Cytat


Pasja - podmuch szczęścia pozwalający się uwolnić ze stalowego uścisku szarej, ponurej codzienności.

O mnie

Moje zdjęcie
Hafciarka zołza - na dodatek wredna, bezkompromisowo tępiąca hafciarskie badziewie i wiedząca czego chce.. zakręcona na punkcie krzyżyków od dawien dawna, cierpiąca na hafciarskie ADHD - ciągle ją nosi i nie potrafi usiedzieć przy jednym projekcie dłużej niż tydzień, stawiająca krzyżyki w tempie, którego mistrz Formuły 1 by się nie powstydził - szczególnie w czasie urlopu, podobno to wszystko dzięki turboigle... kiedy ktoś jej nadepnie na odcisk bierze miotłę, na której na co dzień lata, i goni delikwenta, gdzie pieprz rośnie...

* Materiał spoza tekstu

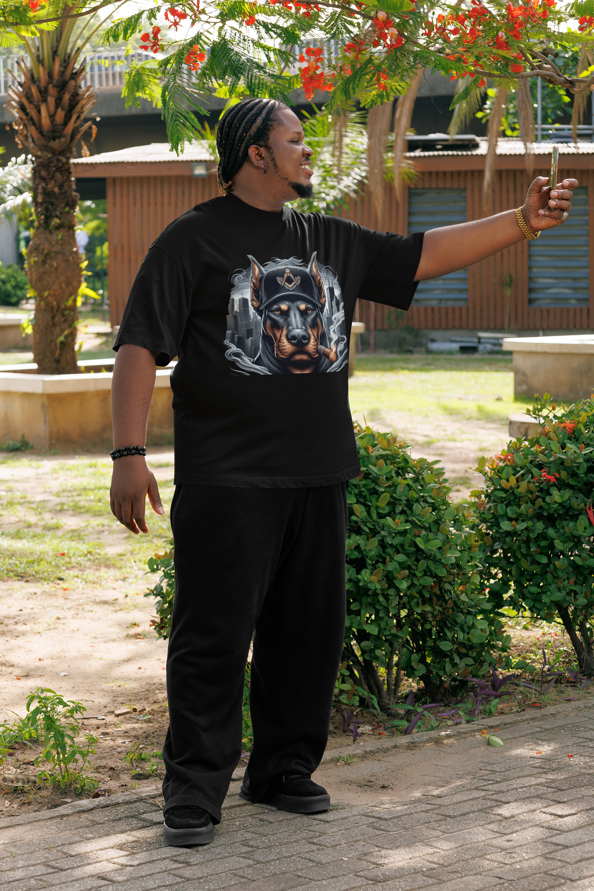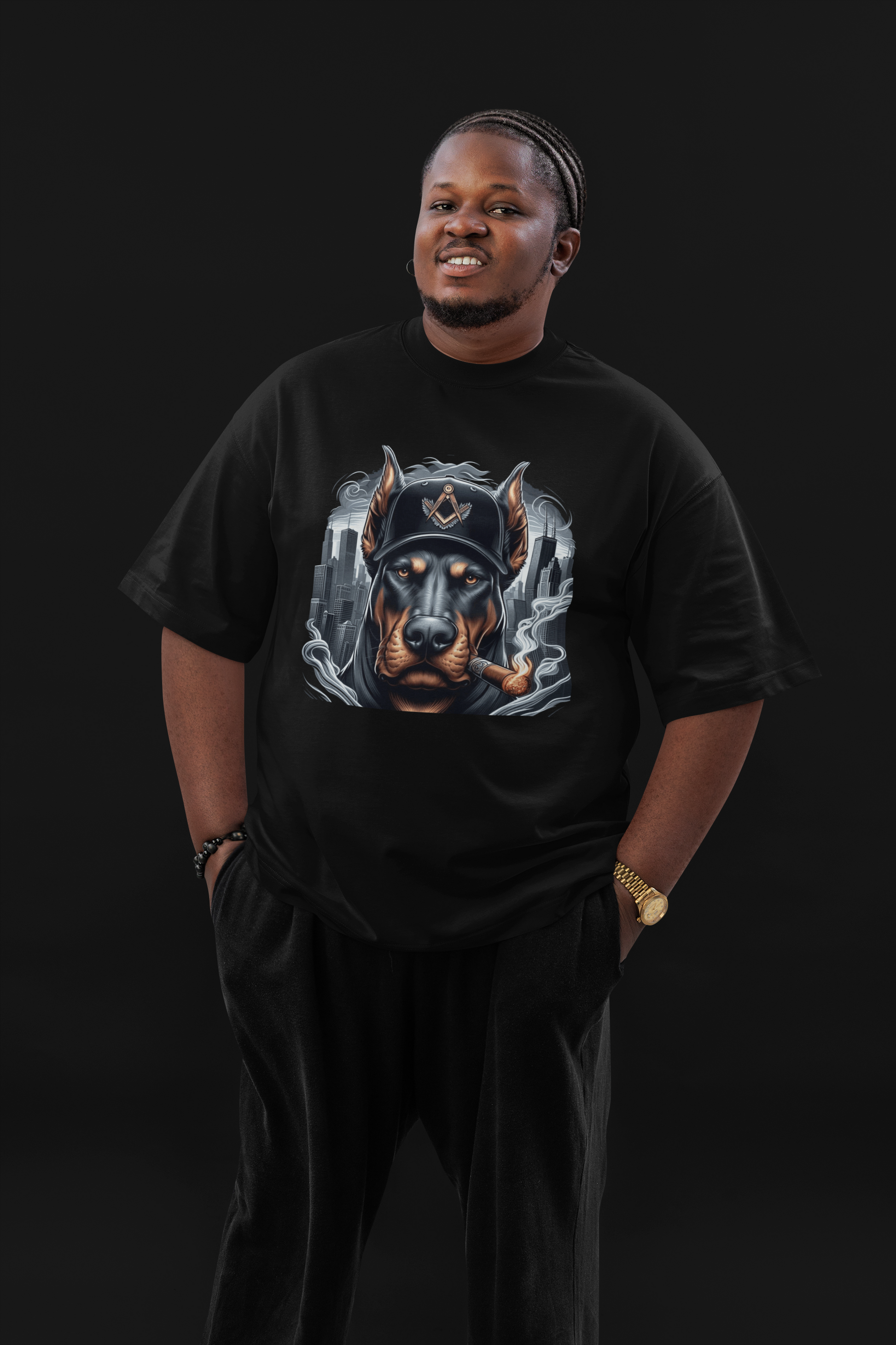 Stand out in style with this bold animal inspired graphic tee featuring a no nonsense Doberman Pinscher in black  streetwear. Perfect for fraternity fans, sneakerheads, and anyone who loves urban culture, this t-shirt brings personality and comfort together. Available in black, it’s made with soft, breathable cotton—ideal for everyday wear, casual outings, or as a unique gift. Pair it with jeans, sneakers, or a jacket to complete the look.

985. Niedziela z hafciarskim alfabetem - B

No i pora na kolejną odsłonę hafciarskiego alfabetu. Dziś w roli głównej litera:


Co mi się z tą literką kojarzy:

Blog - moje miejsce w sieci.. zapiski Katarzyny zakręconej na punkcie krzyżyków... czasami zastanawiam się, w jakim punkcie byłby mój warsztat hafciarski, gdyby nie decyzja o założeniu bloga i podglądanie innych - mega zdolnych hafciarek.. Blog istnieje ponad cztery lata a ja ciągle nie mam go dość i ciągle czuję niedosyt, że mógłby być jeszcze lepszy, mieć więcej czytelników i wyświetleń...

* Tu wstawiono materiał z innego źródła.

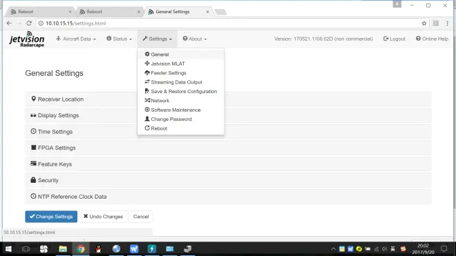 通过settings页面可以配置radarcape的各种参数。下图是general的配置界面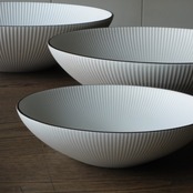 透き通るような磁土に、細かい鎬(しのぎ)が上品に走るボウルです。放射状の広がりをキュッと引き締める縁の錆色がアクセントになっています。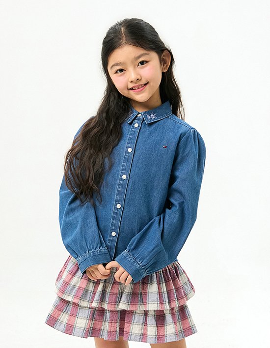 은은한 블루 데님 소재로 제작되어 깔끔하면서도 캐주얼한 분위기를 연출합니다.<br>칼라 부분에 플라워 자수가 부드럽고 사랑스러운 포인트를 더하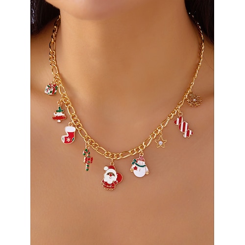 collana con ciondolo natalizio da donna, vari stili con ciondoli a forma di Babbo Natale, pupazzo di neve e albero di Natale, perfetti per feste e regali festivi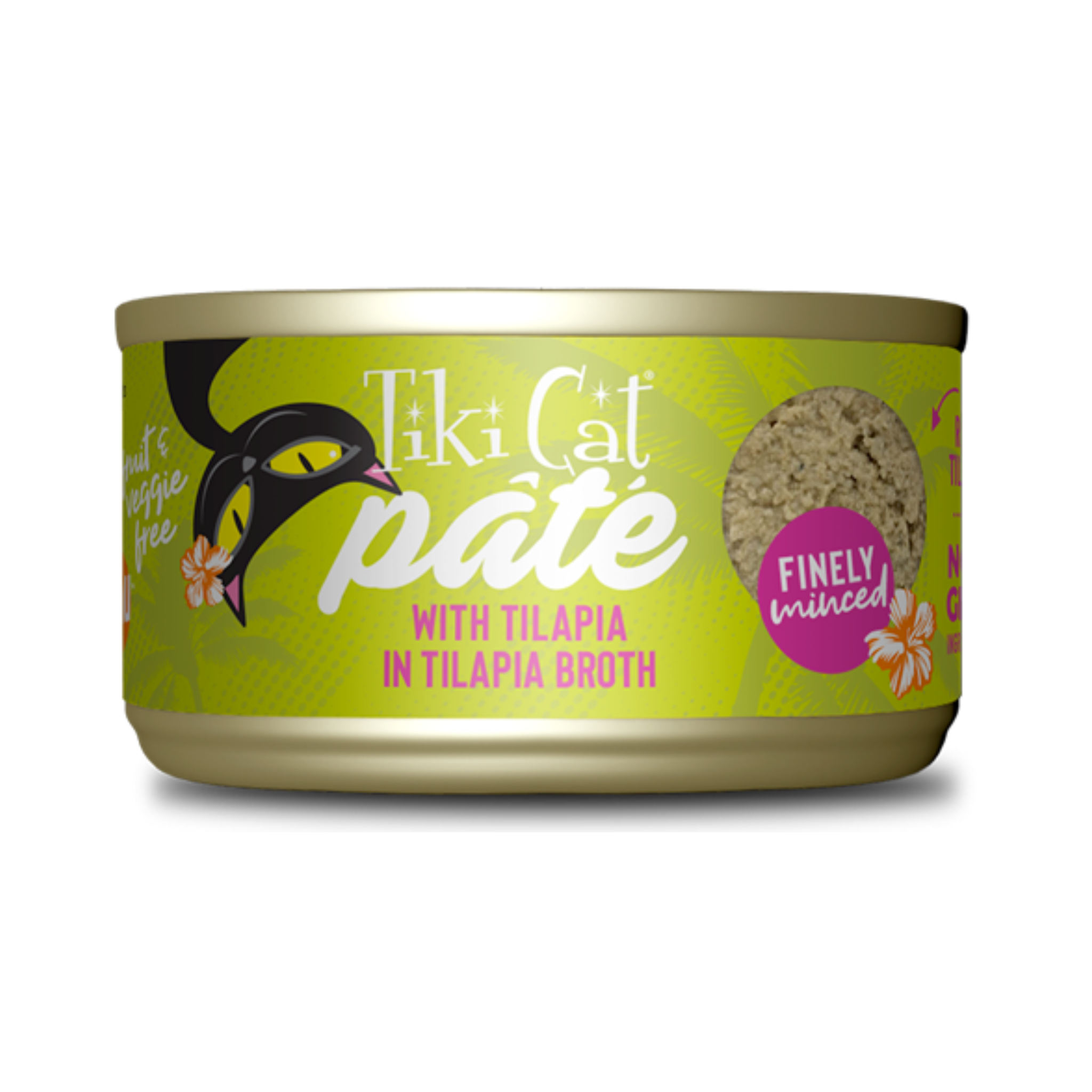 Tiki Cat® Luau Pate Tilapia Cat Canned is a high-quality wet food for cats, made with fine minced tilapia and mackerel simmered in olive oil-rich tilapia broth. Rich in essential fatty acids, it provides delicious supplemental hydration to your cat's diet.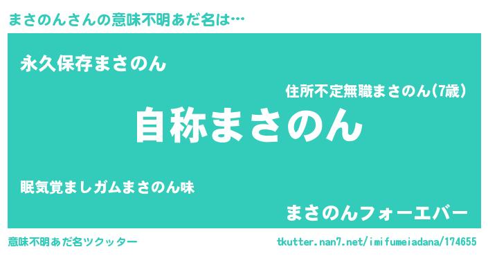 | 男性向けラノベタイトル風あだ名 | 『Re:まさのんから始める異世界生活』 |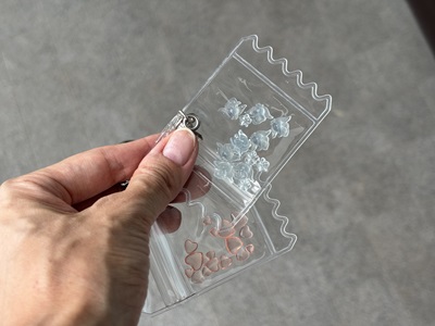 ③ネイルパーツを好きな量だけ入れ、口を閉じると完成。外に出て色が変わるか試してみましょう。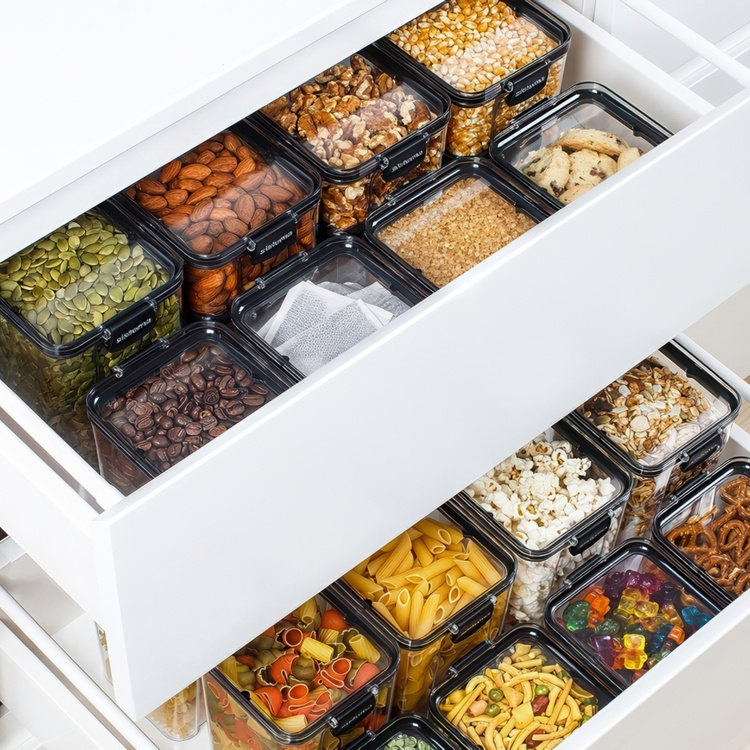 Extra klara, stapelbara och lufttäta fyrkantiga burkar.

Bobinka, czyli tekturka do przechowywania muliny... W początkach mojej hafciarskiej przygody, a właściwie przez cały okres przed założeniem bloga i wejściem w wirtualny świat hafciarek nie miałam pojęcia o istnieniu bobinek i pudelek na muliny... Muliny miałam w woreczkach w pudle, w którym był wieczny bałagan a przygotowanie nitek do jakiejkolwiek pracy było wielkim wyzwaniem. Dziś nawet muliny z zestawów nawijam na bobinki, czasami wycinane własnoręcznie ale najczęściej kupowane w pasmanteriach... Używam tekturowych, ale ciągnie mnie do plastikowych, ale jak sobie pomyślę o przewijaniu dwóch palet muliny to mi się skutecznie odechciewa...

Backstitch - moja hafciarska zmora - nie cierpię ich robić, ale wzory z nimi kuszą mnie strasznie i nie odmawiam sobie ich.. Wybieram jednak najczęściej te, które mają kontury prowadzone po liniach... Ostatni sal wielkanocny ma kontury strasznie udziwnione i dał mi w tej materii ostro popalić i teraz muszę zrobić coś bez konturów...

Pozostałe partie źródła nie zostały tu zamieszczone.